At sunrise we ran across a few dead NVA troops. Most were young boys. We were young, but these were little kids. One kid, probably about 13 or 14 was missing the top half of his skull. His brain was bulging and swollen out of his skull. It was a horrible sight. Another NVA kid was lying face up with his entrails exposed. There were a few more bodies lying around. We left them there and moved on. Luckily, none of my guys were hurt.
Two days later while heading back to the base my guys and I entered a small village. Hungry, thirsty, and tired, we decided to camp out there for the night. The local villagers did not want us to stay. Even though we could not communicate with them, I could sense some degree of urgency from the villagers. My instincts told me they were trying to warn us. My instincts were right.
Around dusk, I noticed that all of the villagers were disappearing. I wasn’t sure where they were going, but I had my guys take cover. Even though it seemed like an eternity, about two hours after taking cover a small band of NVA troops entered the village. One of my country boys, who had sniper training picked off three NVA troops right away. The rest of the NVA troops scattered in the jungle. We never did see them again.
After the shootings lots of villagers came from out of hiding. They unclothed the three dead NVA troops, tied ropes around their necks and hoisted them up a tree. The scene was gruesome.
The remainder of my tour in Vietnam involved briefing troops about the dangers of search and destroy missions and running my gambling hall.

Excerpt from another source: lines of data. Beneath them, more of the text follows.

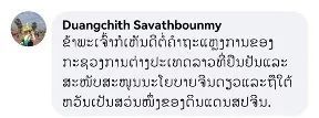 老撾新聞文化旅游部前副部長扎倫·瓦林塔薩(Chaleune Warinthrasak)留言:“老撾外交部的聲明及時(shí)而嚴(yán)正,任何時(shí)候我們只支持一個(gè)中國原則,臺(tái)灣是中國不可分割的一部分。”
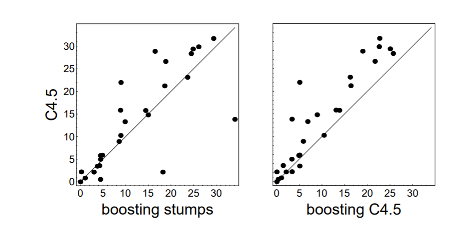 y 축은 C4.5 모델만 사용한 것이고, x 축은 stump나 C4.5 모델을 부스팅한 결과입니다. 정확도를 scatter plot으로 나타낸 것이기 때문에, 부스팅을 사용하였을 때, 대부분의 경우에 C4.5보다 좋은 성능을 보이는 것을 알 수 있습니다.
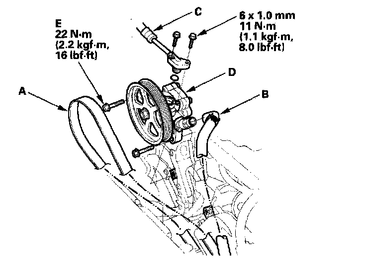 6. Cover the auto-tensioner, alternator, and A/C compressor with several shop towels to protect them from spilled power steering fluid. Disconnect the pump inlet hose (B) and pump outlet hose (C) from the pump (D), and plug them. Take care not to spill the fluid on the body or parts. Wipe off any spilled fluid at once. Do not turn the steering wheel with the pump removed.
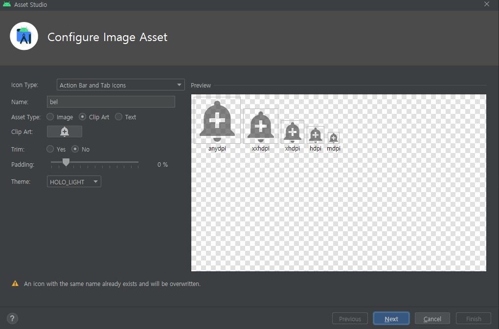 1. drawable 마우스 오른쪽 new -> Image Asset
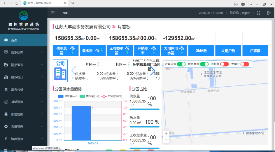 为从源头破解供水管理被动局面,大丰港水务为供水“ 大动脉”装上“智能天眼”:在130公里供水主管道上布设16套压力监测设备、6套流量监测设备,构建漏损监测系统,实时在线监测管网压力、流量,实现压力异常15分钟预警、漏点精准定位。通过智能化手段,推动管理模式从“被动抢修”向“主动预警”转变,用科技赋能筑牢供水安全防线。
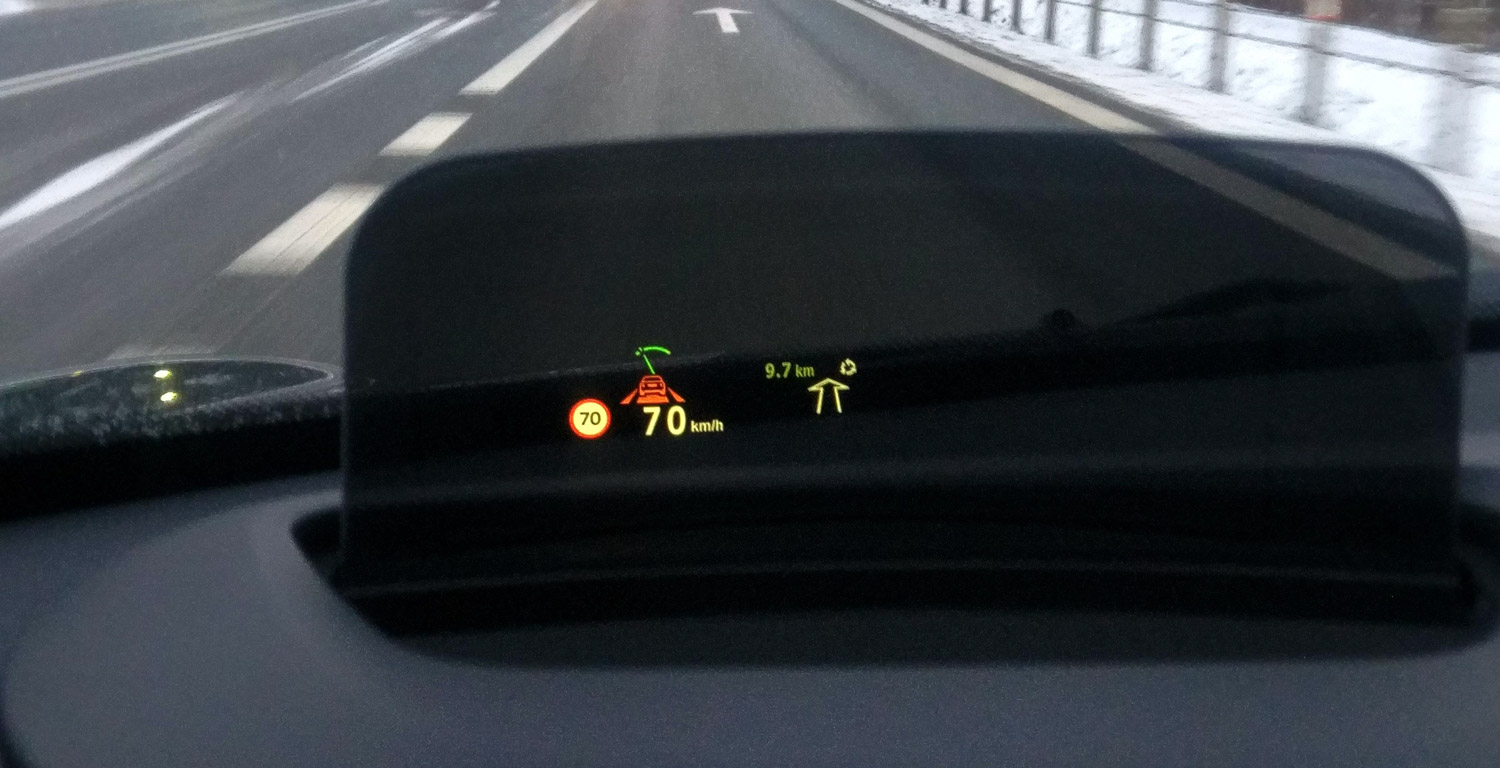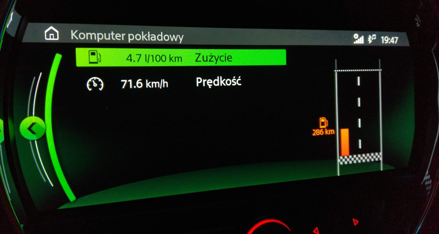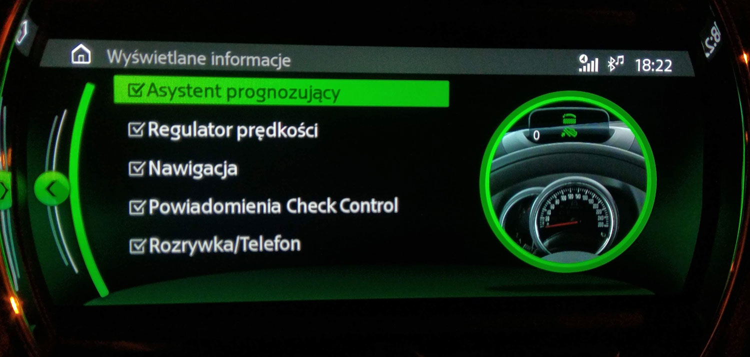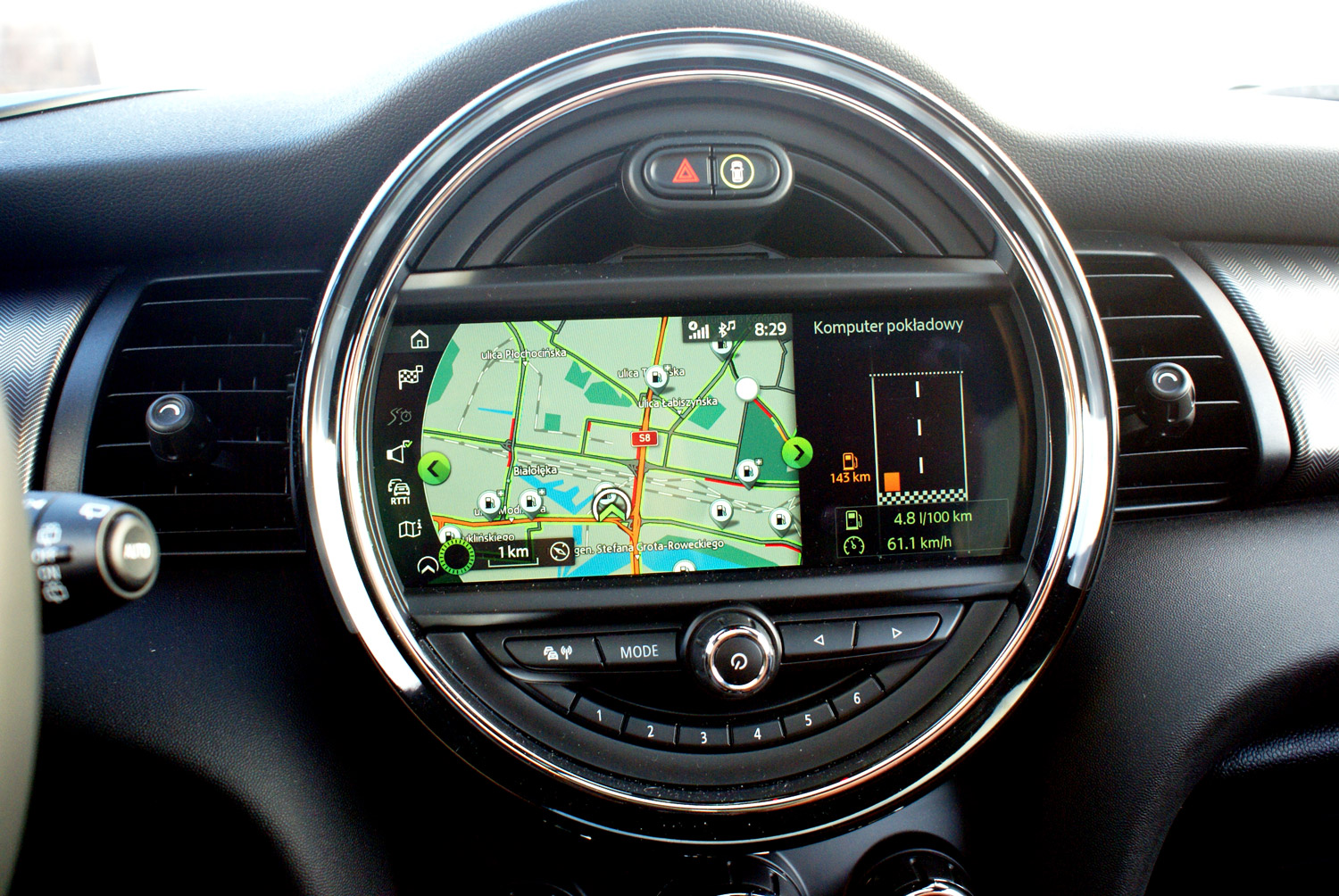 Kolejnym elektronicznym elementem wyposażenia uzupełniającym warstwę informacyjną auta (czyli urządzenia i funkcje dostarczające kierowcy i pasażerom informacji o otoczeniu, funkcjach pojazdu itp.) jest oczywiście tablica rozdzielcza. Tutaj Mini zastosowało analogowy zestaw wskaźników uzupełniony o cyfrowe, w pełni konfigurowalne wskaźniki. To kierowca decyduje czy np. w ramce LCD widocznej pod prędkościomierzem ma być wyświetlana np. średnia prędkość, średnie zużycie paliwa czy inne parametry. Kolejnym ekranem w jaki wyposażony był egzemplarz testowy Mini Cooper SD był wyświetlacz HUD w postaci przezroczystej płytki wysuwającej się z kokpitu przed oczami kierowcy. Zakres informacji prezentowanych na ekranie HUD zależy od aktualnie aktywnych funkcji pojazdu, ale może być całkiem spory. Np. w trakcie korzystania z wbudowanych w Mini systemów asystujących i adaptacyjnego tempomatu, na wspomnianym ekranie zobaczymy m.in. aktualnie rozpoznaną (analiza znaków drogowych) dopuszczalną prędkość ew. inne zakazy (np. zakaz wyprzedzania), bieżącą prędkość pojazdu, nastawy tempomatu, wskazania asystenta utrzymania pasa ruchu, odległość do najbliższego punktu nawigacyjnego na ustawionej w nawigacji trasie itp.
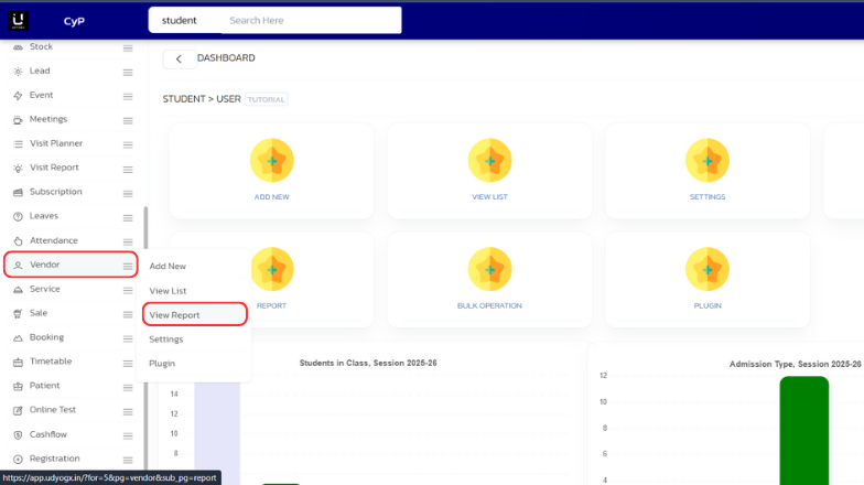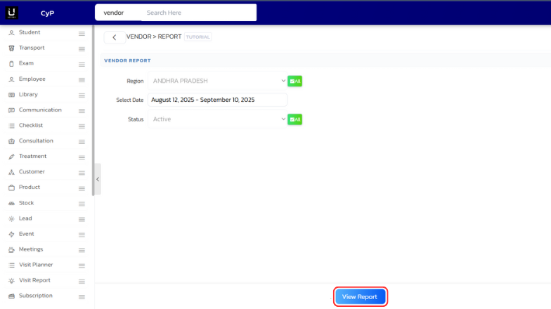 In the left sidebar menu, go to ‘Vendor > View Report’.
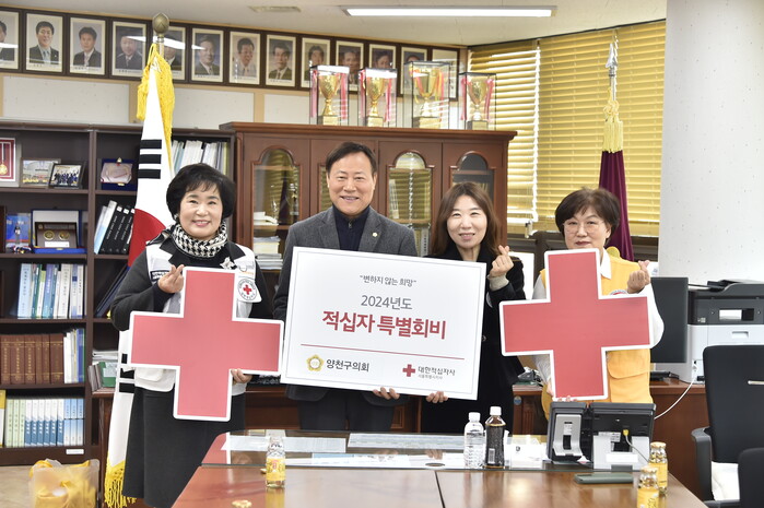 [시민일보 = 이대우 기자] 서울 양천구의회가 최근 의장실에서 대한적십자사 서울지사에 ‘2024년도 적십자 특별회비’를 전달했다.
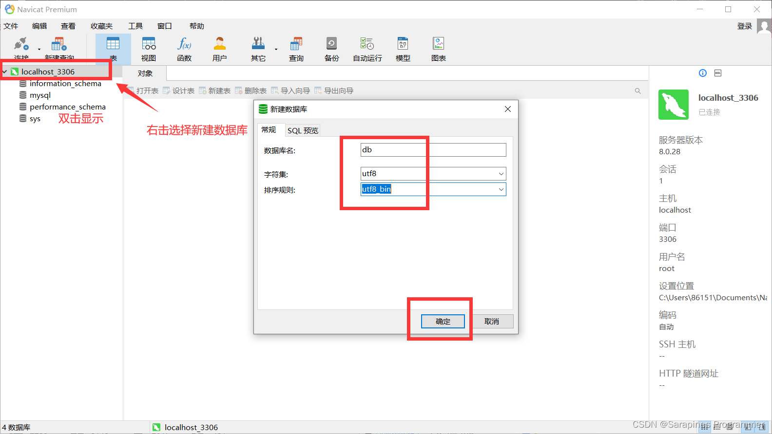 先双击数据库,右击选择新建数据库
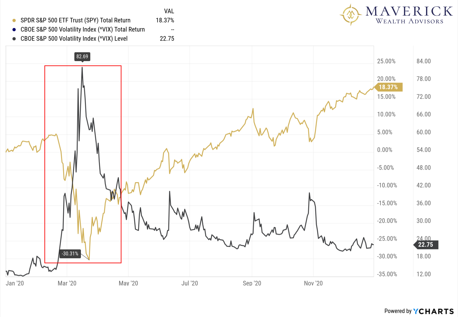We also saw extreme volatility during the 2020 Coronavirus Pandemic. This time, lockdowns created great uncertainty for the future, with panic spreading worldwide. On February 19th, 2020, the SPY returned 5.12% for the year before tumbling due to growing uncertainty. The market bottomed out on March 23rd, 2020, down 30.31% for the year, while the VIX hit 82.69 on March 16th, 2020. The S&P rallied for the year after this sharp drop to finish up 18.37% for 2020. This reflected a major change in market sentiment after news of stimulus payments helped spur the economy during this time.
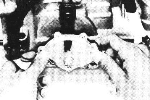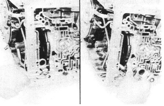 Position a rag to catch each piston. Using low-pressure compressed air (1 kg/sq.cm, 14 psi or 98 kPa max.) pop each piston into the rag. Force air into holes shown, and remove the pistons and springs.
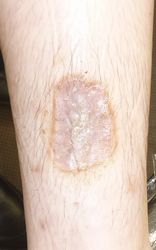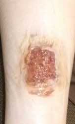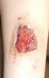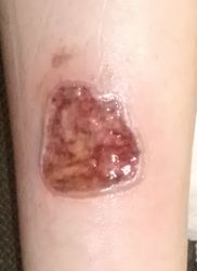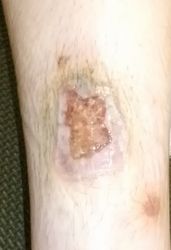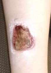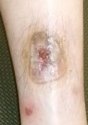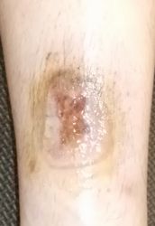 2024年4月10日、湯たんぽを使っていて右下腿に水疱ができた。〇〇皮膚科を受診、ゲーベンクリーム®が処方された。5月中旬、深い火傷と説明され、下旬に△△大学病院皮膚科に紹介状を書いてもらい受診。直ちに入院して手術と説明され、無麻酔でデブリードマンが行われたが、あまりの激痛にこの病院の野蛮な治療には耐えられないと帰宅後にネット検索。
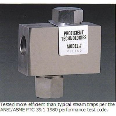 The ProTech Steam Trap Replacement Device (cut sheet) cannot fail in the open position because there are no moving parts to wear or fail so, unlike other steam traps, ITS EFFICIENCY DOES NOT DETERIORATE WITH TIME. Other important features:

All of the brass knew what I was doing was wrong, but they seemed to condone it because it helped with morale.
(LIFE AFTER TRAUMATIC EVENT Section)
I didn’t realize it right away, however, after a year or two from discharging from the Army, it became apparent that my time in uniform and in Vietnam changed how I saw the world. When I was in Vietnam my senses operated at maximum capacity and effectiveness. I was always on guard. My family and friends tell me that I still act like I am in Vietnam. When we go out to eat I only sit in restaurants with my back to the wall. If I can’t see everything in front of me, then I don’t eat there. If a restaurant is crowded, I will not eat there. I can’t stand the crowds, they make me want to fight somebody.
Also, every now and then I will have nightmares about Vietnam crap. Not the firefight I was involved in, but general war scenes. Especially the faces of NVA soldiers.
My family and friends tell me that I seem cold and distant. They tell me all the time that I act like I’m afraid to get close to people. My three ex-wives used to tell me all the time that I was incapable of deep feelings toward them.
Every boss I ever had reminded me of those drill sergeants in basic training. They all yelled at me, treated with disrespect, tried to boss me around, and most seemed incompetent. When I worked as a butcher at a local supermarket, one boss fired me because I ran a football parlay. I made lots of money running that parlay and morale was never higher at the supermarket. But he didn’t see it that way. For whatever reason, I have never been able to hold down a legitimate job for more than a year. Since discharging from the army I have had over 50 jobs.
Lastly, my life after Vietnam has been so screwed up that I get really down sometimes. I have been known to stay in bed for weeks. Too tired to move and too angry to try. I look like I have anorexia nervosa because I have lost close to a hundred pounds. I don’t eat much anymore. I just don’t seem to be hungry anymore. I am not entirely sure what happened to me in Vietnam, but I am sure something affected me that altered my potential.